• **Task details**
Go to the line below that has "주방 쪽에는 반찬 셀프코너가", print it and each line after it exactly, and stop after the line that has "五、內(nèi)外銷保持同步"; leave out pictures.

(Items listed in a dataset)
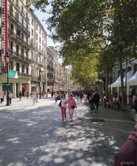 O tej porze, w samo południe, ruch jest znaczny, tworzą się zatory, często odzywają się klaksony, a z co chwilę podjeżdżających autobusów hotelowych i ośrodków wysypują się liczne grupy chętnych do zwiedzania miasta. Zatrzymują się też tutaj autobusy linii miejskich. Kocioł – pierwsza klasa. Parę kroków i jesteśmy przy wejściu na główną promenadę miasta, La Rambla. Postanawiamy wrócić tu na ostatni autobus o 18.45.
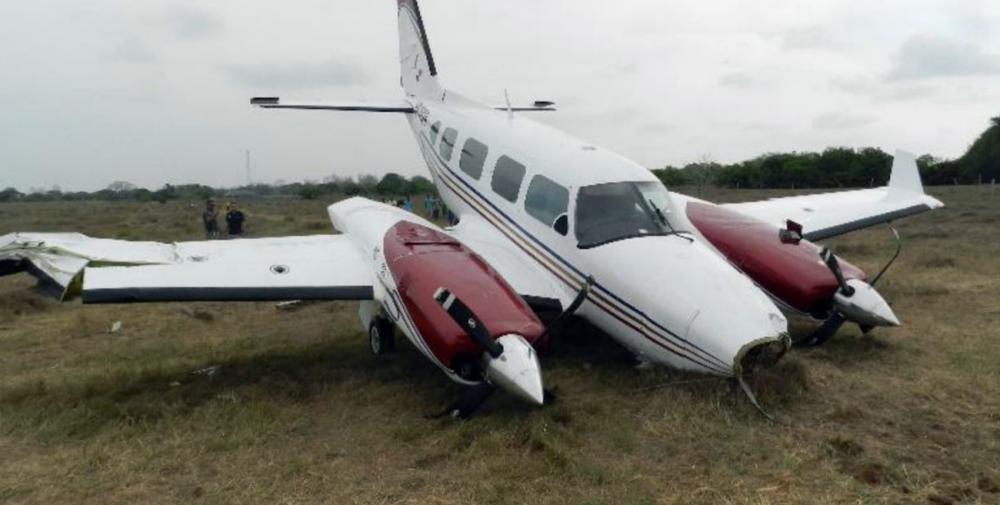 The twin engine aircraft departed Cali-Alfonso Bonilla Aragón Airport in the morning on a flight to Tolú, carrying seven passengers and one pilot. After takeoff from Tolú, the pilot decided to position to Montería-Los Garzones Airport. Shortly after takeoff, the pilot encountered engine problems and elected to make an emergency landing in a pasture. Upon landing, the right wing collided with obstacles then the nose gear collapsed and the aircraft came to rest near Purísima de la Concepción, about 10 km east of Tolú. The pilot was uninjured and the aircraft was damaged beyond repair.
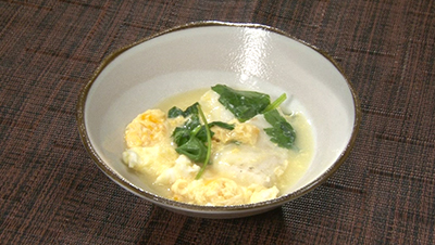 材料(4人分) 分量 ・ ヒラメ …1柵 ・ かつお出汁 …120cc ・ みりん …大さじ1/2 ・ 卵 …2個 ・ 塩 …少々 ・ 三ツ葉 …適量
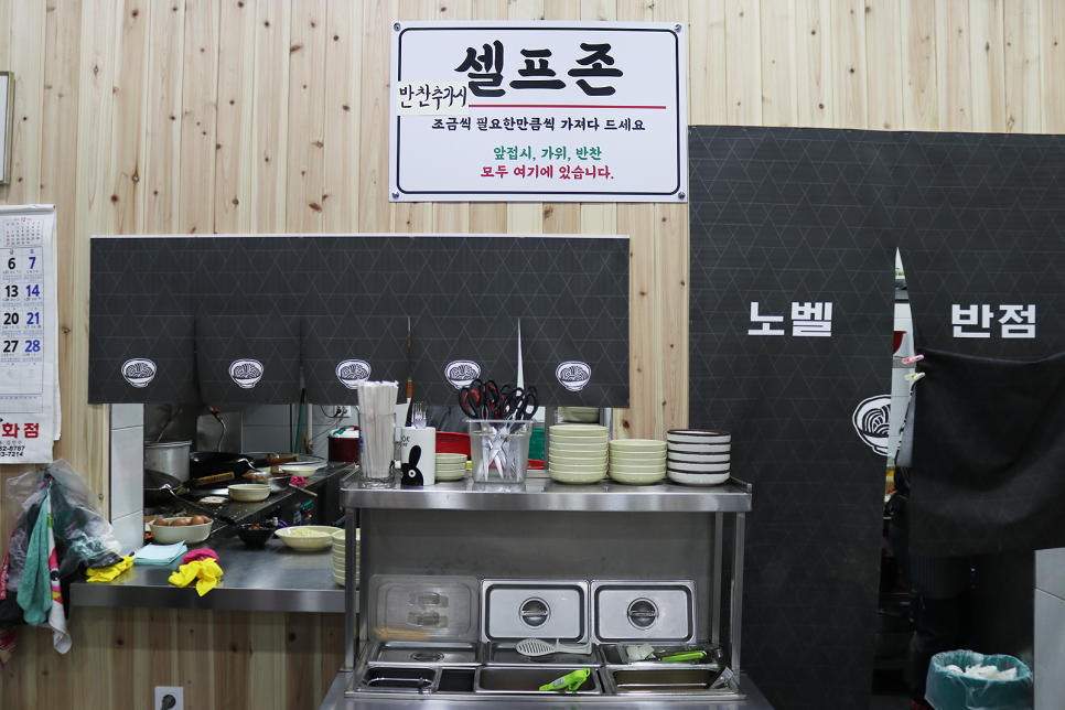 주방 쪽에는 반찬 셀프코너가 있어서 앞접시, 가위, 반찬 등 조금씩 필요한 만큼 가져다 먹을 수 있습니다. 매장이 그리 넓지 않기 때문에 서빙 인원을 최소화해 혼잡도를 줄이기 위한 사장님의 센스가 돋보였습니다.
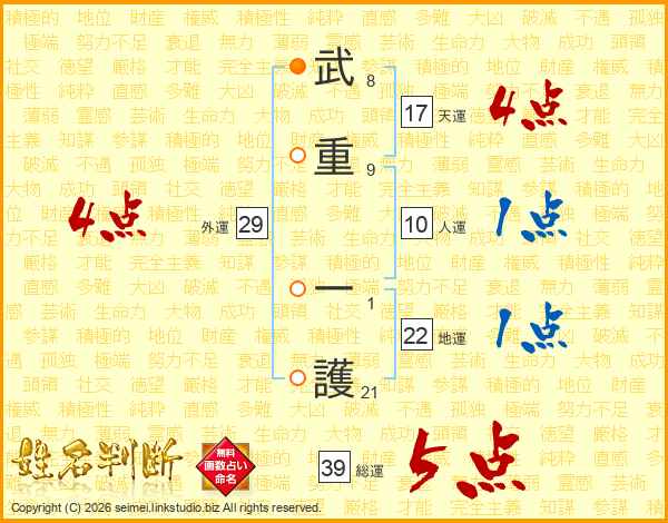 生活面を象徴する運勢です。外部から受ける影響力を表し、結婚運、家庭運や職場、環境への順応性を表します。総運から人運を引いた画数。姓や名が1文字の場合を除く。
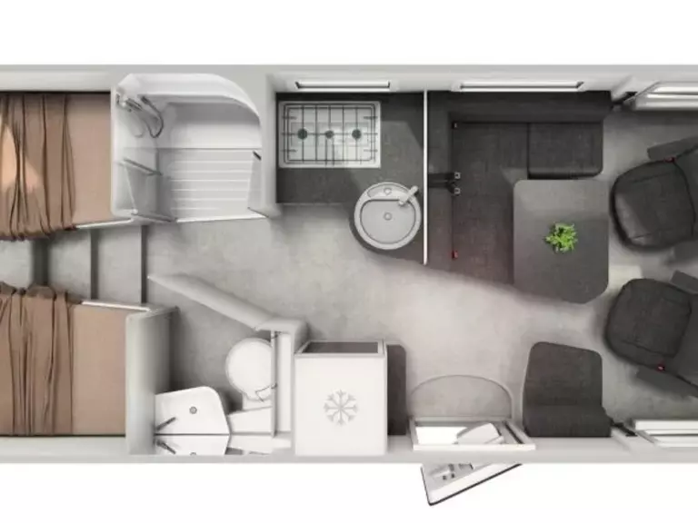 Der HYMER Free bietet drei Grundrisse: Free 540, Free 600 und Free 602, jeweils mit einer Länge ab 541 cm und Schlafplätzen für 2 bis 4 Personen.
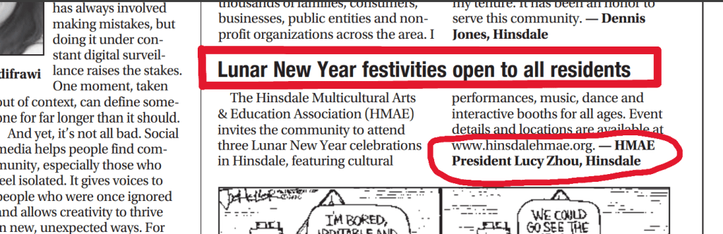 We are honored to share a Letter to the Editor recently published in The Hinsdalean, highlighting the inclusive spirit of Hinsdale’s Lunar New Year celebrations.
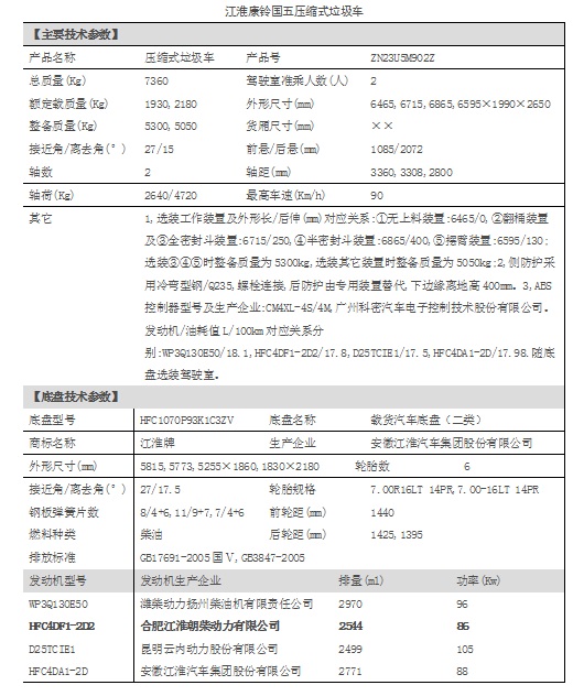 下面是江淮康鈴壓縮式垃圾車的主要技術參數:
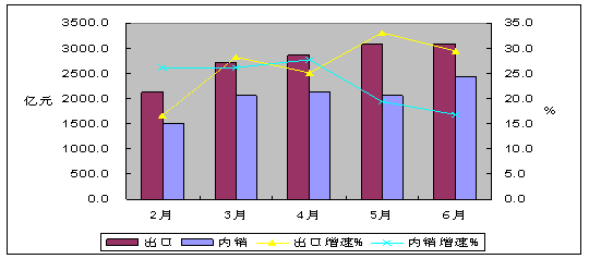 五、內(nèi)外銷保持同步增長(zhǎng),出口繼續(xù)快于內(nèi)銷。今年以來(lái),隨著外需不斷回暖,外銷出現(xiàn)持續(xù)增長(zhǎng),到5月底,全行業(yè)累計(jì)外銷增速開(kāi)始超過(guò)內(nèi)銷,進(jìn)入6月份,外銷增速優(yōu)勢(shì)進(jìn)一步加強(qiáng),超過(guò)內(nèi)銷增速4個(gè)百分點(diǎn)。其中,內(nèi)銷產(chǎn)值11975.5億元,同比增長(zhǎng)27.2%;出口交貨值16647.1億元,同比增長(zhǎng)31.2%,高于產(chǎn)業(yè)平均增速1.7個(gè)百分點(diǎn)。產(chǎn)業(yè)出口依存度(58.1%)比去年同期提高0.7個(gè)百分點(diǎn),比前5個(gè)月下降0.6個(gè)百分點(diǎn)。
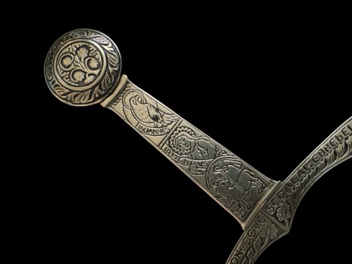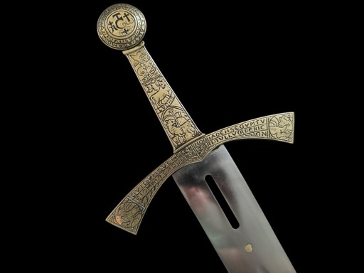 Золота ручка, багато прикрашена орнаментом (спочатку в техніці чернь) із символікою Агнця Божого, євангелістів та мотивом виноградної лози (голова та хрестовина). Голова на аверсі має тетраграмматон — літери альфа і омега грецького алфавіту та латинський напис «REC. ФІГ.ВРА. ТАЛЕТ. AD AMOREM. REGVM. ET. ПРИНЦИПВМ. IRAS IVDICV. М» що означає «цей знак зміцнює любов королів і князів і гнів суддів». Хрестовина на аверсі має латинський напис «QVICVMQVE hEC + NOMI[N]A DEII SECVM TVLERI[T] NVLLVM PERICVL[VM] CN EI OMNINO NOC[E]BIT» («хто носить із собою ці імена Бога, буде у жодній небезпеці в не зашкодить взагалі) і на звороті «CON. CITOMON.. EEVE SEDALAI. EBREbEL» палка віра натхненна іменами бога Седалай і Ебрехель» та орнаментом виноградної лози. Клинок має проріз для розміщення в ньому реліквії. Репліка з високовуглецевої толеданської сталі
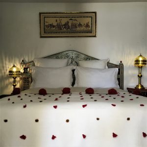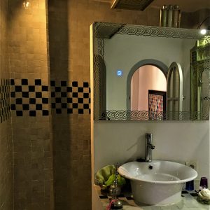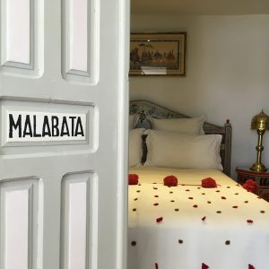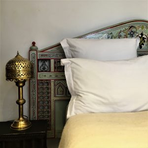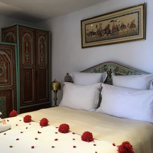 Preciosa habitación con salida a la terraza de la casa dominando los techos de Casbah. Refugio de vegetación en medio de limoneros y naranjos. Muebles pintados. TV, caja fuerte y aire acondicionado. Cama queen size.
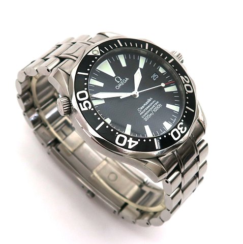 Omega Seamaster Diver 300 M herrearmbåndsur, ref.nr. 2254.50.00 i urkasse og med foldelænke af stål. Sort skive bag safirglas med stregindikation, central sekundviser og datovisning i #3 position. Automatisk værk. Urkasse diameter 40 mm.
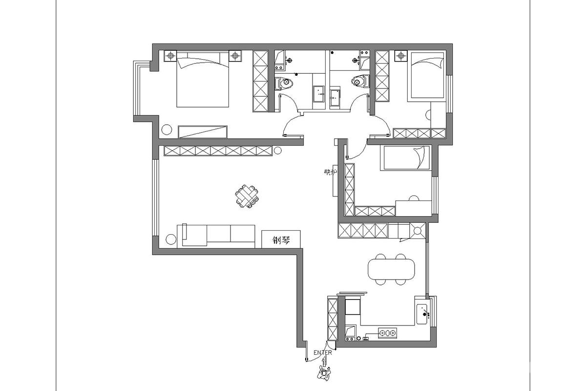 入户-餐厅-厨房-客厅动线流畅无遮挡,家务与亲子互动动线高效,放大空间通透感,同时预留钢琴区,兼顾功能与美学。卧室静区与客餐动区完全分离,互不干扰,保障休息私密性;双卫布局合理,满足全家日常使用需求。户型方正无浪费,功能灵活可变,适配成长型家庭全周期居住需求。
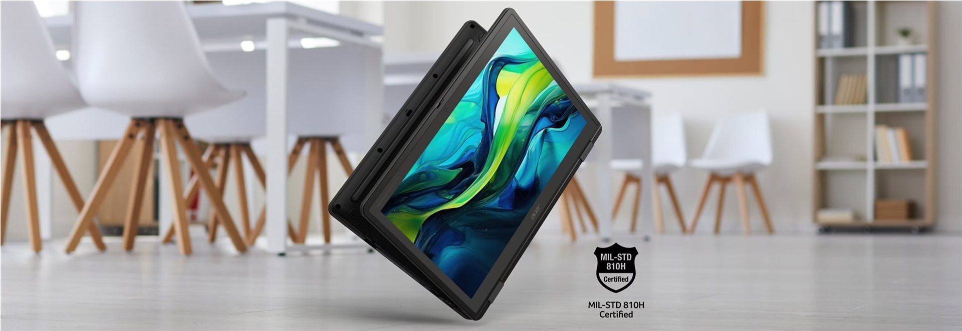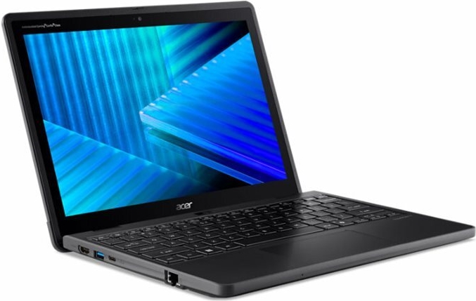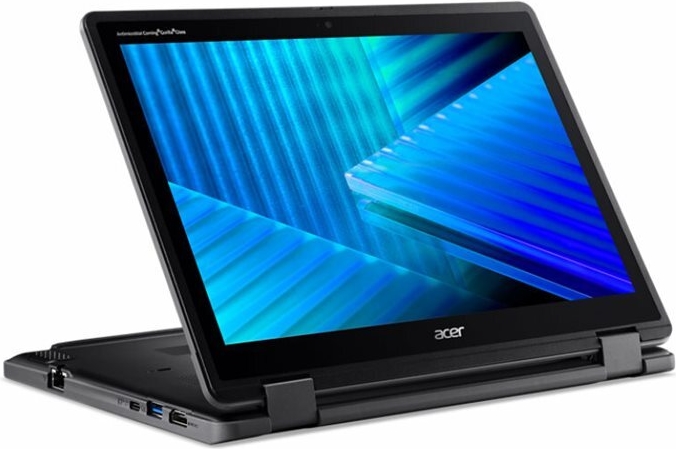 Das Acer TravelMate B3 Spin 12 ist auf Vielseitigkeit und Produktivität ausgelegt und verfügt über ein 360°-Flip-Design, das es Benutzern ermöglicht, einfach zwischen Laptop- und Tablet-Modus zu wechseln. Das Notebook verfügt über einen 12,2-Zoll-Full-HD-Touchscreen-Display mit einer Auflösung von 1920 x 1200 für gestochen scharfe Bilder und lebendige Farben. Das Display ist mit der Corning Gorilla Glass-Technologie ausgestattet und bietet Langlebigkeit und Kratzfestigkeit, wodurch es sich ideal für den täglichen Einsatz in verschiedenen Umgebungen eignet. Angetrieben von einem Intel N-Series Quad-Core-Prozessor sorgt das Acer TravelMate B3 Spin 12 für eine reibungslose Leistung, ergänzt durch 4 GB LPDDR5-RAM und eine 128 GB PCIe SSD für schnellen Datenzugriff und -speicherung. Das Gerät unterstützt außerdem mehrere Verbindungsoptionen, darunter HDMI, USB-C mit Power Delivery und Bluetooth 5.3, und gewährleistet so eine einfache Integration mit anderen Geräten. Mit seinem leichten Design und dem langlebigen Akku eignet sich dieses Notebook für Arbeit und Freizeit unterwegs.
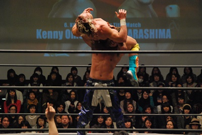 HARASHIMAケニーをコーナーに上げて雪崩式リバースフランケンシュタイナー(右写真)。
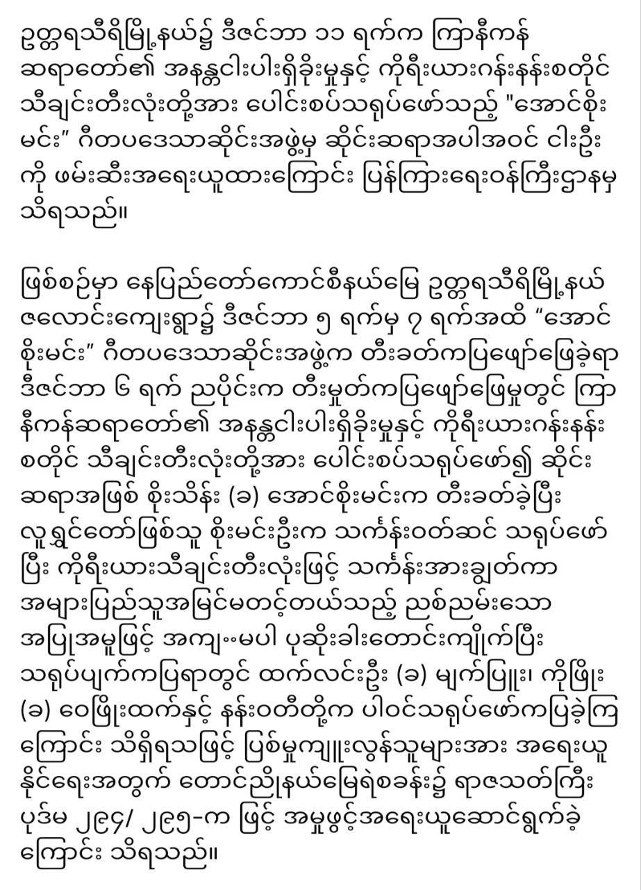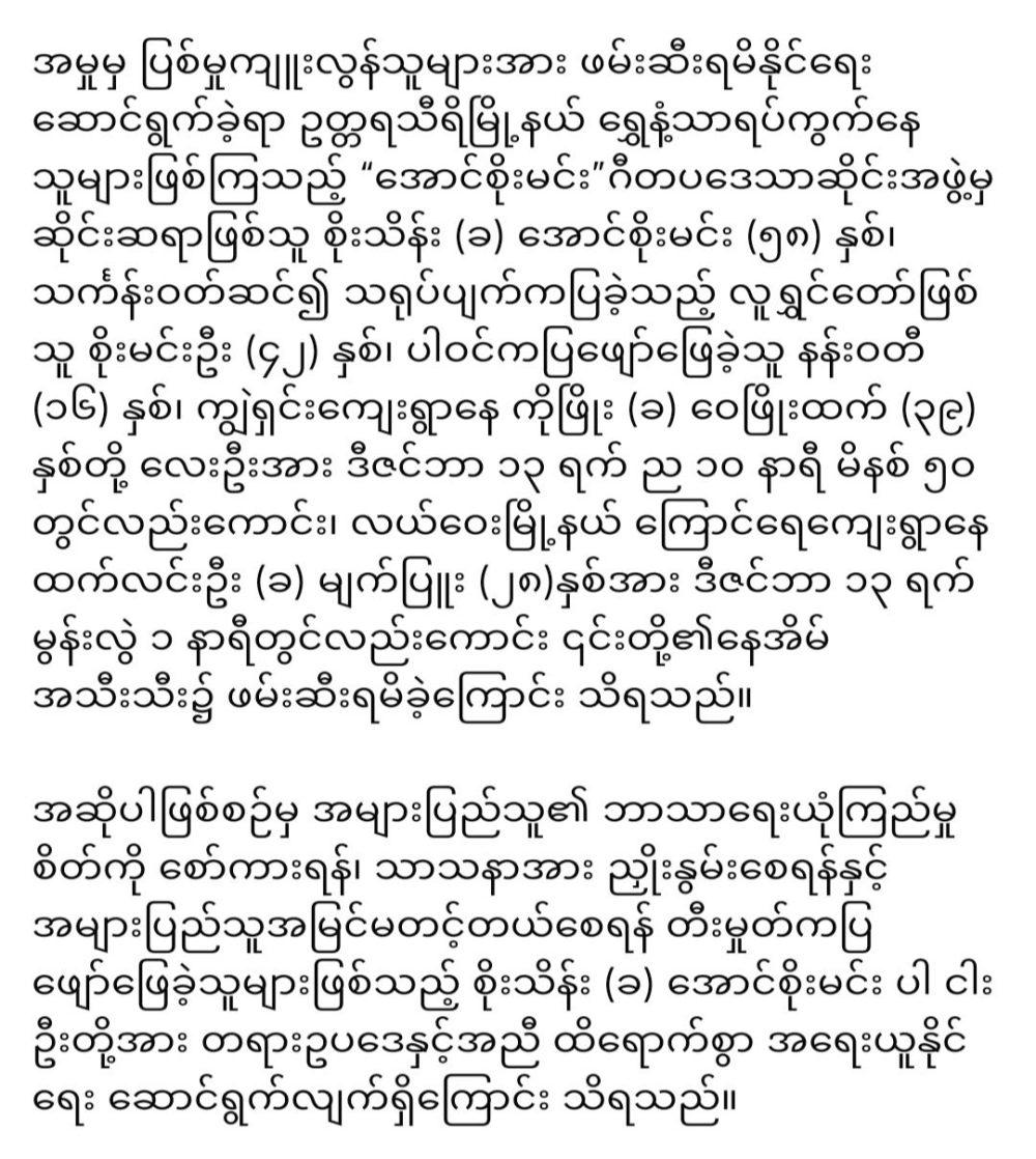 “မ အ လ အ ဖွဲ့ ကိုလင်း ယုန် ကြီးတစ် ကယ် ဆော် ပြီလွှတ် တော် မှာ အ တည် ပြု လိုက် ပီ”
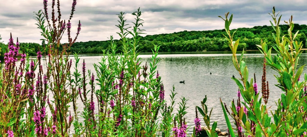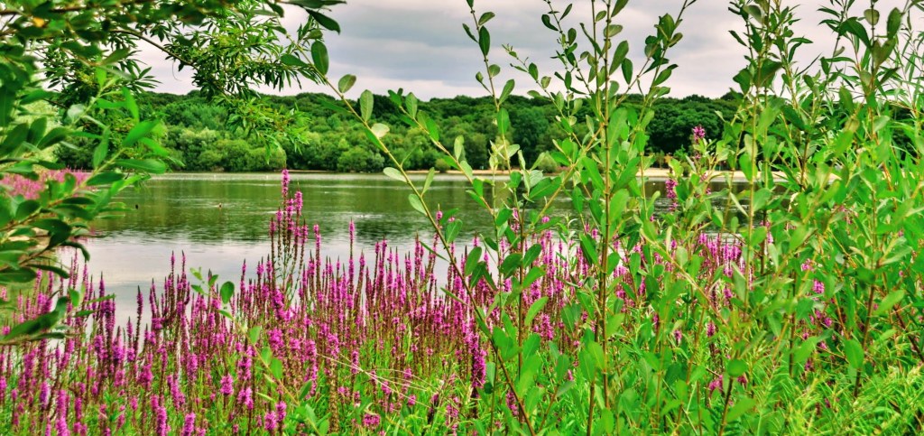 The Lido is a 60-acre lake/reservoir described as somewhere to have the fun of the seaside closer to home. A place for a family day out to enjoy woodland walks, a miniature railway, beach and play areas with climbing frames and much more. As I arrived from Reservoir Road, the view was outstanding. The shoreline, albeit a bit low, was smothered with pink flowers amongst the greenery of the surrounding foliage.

• **Result**
 주방 쪽에는 반찬 셀프코너가 있어서 앞접시, 가위, 반찬 등 조금씩 필요한 만큼 가져다 먹을 수 있습니다. 매장이 그리 넓지 않기 때문에 서빙 인원을 최소화해 혼잡도를 줄이기 위한 사장님의 센스가 돋보였습니다.
 生活面を象徴する運勢です。外部から受ける影響力を表し、結婚運、家庭運や職場、環境への順応性を表します。総運から人運を引いた画数。姓や名が1文字の場合を除く。
 Der HYMER Free bietet drei Grundrisse: Free 540, Free 600 und Free 602, jeweils mit einer Länge ab 541 cm und Schlafplätzen für 2 bis 4 Personen.
 We are honored to share a Letter to the Editor recently published in The Hinsdalean, highlighting the inclusive spirit of Hinsdale’s Lunar New Year celebrations.
 下面是江淮康鈴壓縮式垃圾車的主要技術參數:
 五、內(nèi)外銷保持同步增長(zhǎng),出口繼續(xù)快于內(nèi)銷。今年以來(lái),隨著外需不斷回暖,外銷出現(xiàn)持續(xù)增長(zhǎng),到5月底,全行業(yè)累計(jì)外銷增速開(kāi)始超過(guò)內(nèi)銷,進(jìn)入6月份,外銷增速優(yōu)勢(shì)進(jìn)一步加強(qiáng),超過(guò)內(nèi)銷增速4個(gè)百分點(diǎn)。其中,內(nèi)銷產(chǎn)值11975.5億元,同比增長(zhǎng)27.2%;出口交貨值16647.1億元,同比增長(zhǎng)31.2%,高于產(chǎn)業(yè)平均增速1.7個(gè)百分點(diǎn)。產(chǎn)業(yè)出口依存度(58.1%)比去年同期提高0.7個(gè)百分點(diǎn),比前5個(gè)月下降0.6個(gè)百分點(diǎn)。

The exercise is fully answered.